In this toy example, we generate a univariate (one component) series that can take 4 possible values.

  • possible values at each step (0, 1, 2, 3)

  • every next step either adds diff=+1 or subtracts diff=-1 (50% chance)

  • all steps are upper- and lower-bounded

    • 0 and diff=-1 remains at 0

    • 3 and diff=+1 remains at 3

[28]:
def generate_data_ex2(start_val: int, random_state: int):
    np.random.seed(random_state)
    # create the test set
    vals = np.zeros(100)

    vals[0] = start_val

    diffs = np.random.choice(a=[-1, 1], p=[0.5, 0.5], size=len(vals) - 1)
    for i in range(1, len(vals)):
        vals[i] = vals[i - 1] + diffs[i - 1]
        if vals[i] > 3:
            vals[i] = 3
        elif vals[i] < 0:
            vals[i] = 0
    return vals
[29]:
data = generate_data_ex2(start_val=2, random_state=1)
series_train = TimeSeries.from_values(data, columns=["series"])

# visualize the train set
series_train[:40].plot()
plt.title("Training set")
[29]:
Text(0.5, 1.0, 'Training set')
../_images/examples_22-anomaly-detection-examples_72_1.png

Test set

We create the test set using the same rules as the train set but we’ll inject six anomalies of two different types. The anomalies can be longer than one timestamp:

  • Type 1: steps with abs(diff) > 1 (jumps larger than one)
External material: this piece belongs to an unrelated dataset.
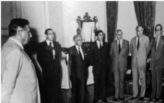
FIGURE 2.1 Augusto Pinochet (left) at a ceremony at the Institute of Political Science, University of Chile in 1983

відображенням навколишнього капіталістичного світу. Маскуючи свої схильності та уподобання професіоналізмом та науковою об'єктивністю, вони стають аполітичними та консервативними» (Chilcote 2018). Сказане стосується не тільки демократій, Наприклад, на фото нижче ми бачимо відомого диктатора Августо Піночета, який своєю присутністю легітимізує існування та функціонування чилійської Асоціації політичної науки. Дослідивши розвиток політичної науки в Латинській Америці, Пауло Ревекка каже про існування «авторитарної політології», яка характеризувалася академічним просуванням інституційної та політичної спадщини диктатури. Зокрема, більшість політологів Чилі обґрунтовували обмежену форму демократії, захищали неолібералізм як єдиний підхід, що гарантує свободу, а також проголошували себе хранителями Заходу і християнства (Ravessa 2019).

  • Type 2: steps with diff = 0 at values (1, 2) (value remains constant)

[30]:
data = generate_data_ex2(start_val=1, random_state=3)

# 3 anomalies per type
# type 1: sudden shift between state 0 to state 2 without passing by value 1
data[23] = 3
data[44] = 3
data[91] = 0

# type 2: having consecutive timestamps at value 1 or 2
data[3:5] = 2
data[17:19] = 1
data[62:65] = 2

series_test = TimeSeries.from_values(data, columns=["series"])

# identify the anomalies
diffs = np.abs(data[1:] - data[:-1])
anomalies = ~((diffs == 1) | ((diffs == 0) & np.isin(data[1:], [0, 3])))
# the first step is not an anomaly
anomalies = np.concatenate([[False], anomalies]).astype(int)

anomalies = TimeSeries.from_times_and_values(
    series_test.time_index, anomalies, columns=["is_anomaly"]
)
[31]:
show_anomalies_from_scores(
    series=series_test, anomalies=anomalies, title="Testing set univariate"
)
plt.show()
../_images/examples_22-anomaly-detection-examples_76_0.png

From left to right, anomalies at positions 3, 4, and 6 are of type 1, and anomalies at positions 1, 2, and 5 are of type 2.

Use the scorer KMeansScorer()

We fit two KMeansScorer with different values for the window parameter (1 and 2).

[32]:
windows = [1, 2]
Kmeans_scorer_w1 = KMeansScorer(k=4, window=windows[0])
Kmeans_scorer_w2 = KMeansScorer(k=8, window=windows[1], window_agg=False)
[33]:
scores_all = []
metric_data = {"AUC_ROC": [], "AUC_PR": []}
for model, window in zip([Kmeans_scorer_w1, Kmeans_scorer_w2], windows):
    model.fit(series_train)
    scores = model.score(series_test)
    scores_all.append(scores)

    for metric_name in metric_data:
        metric_data[metric_name].append(
            eval_metric_from_scores(
                anomalies=anomalies,
                pred_scores=scores,
                metric=metric_name,
            )
        )
pd.DataFrame(data=metric_data, index=["w_1", "w_2"])
[33]:
AUC_ROC AUC_PR
w_1 0.460212 0.123077
w_2 1.000000 1.000000

The metric indicates that the scorer with the parameter window set to 1 cannot locate the anomalies. On the other hand, the scorer with the parameter set to 2 perfectly identified the anomalies.

[34]:
show_anomalies_from_scores(
    series=series_test,
    anomalies=anomalies,
    pred_scores=scores_all,
    names_of_scorers=["KMeansScorer_w1", "KMeansScorer_w2"],
    metric="AUC_ROC",
    title="Anomaly results from KMeansScorer",
)
../_images/examples_22-anomaly-detection-examples_83_0.png

We can see the accurate prediction of the scorer with a window of 2 compared to that of the scorer with a window of 1.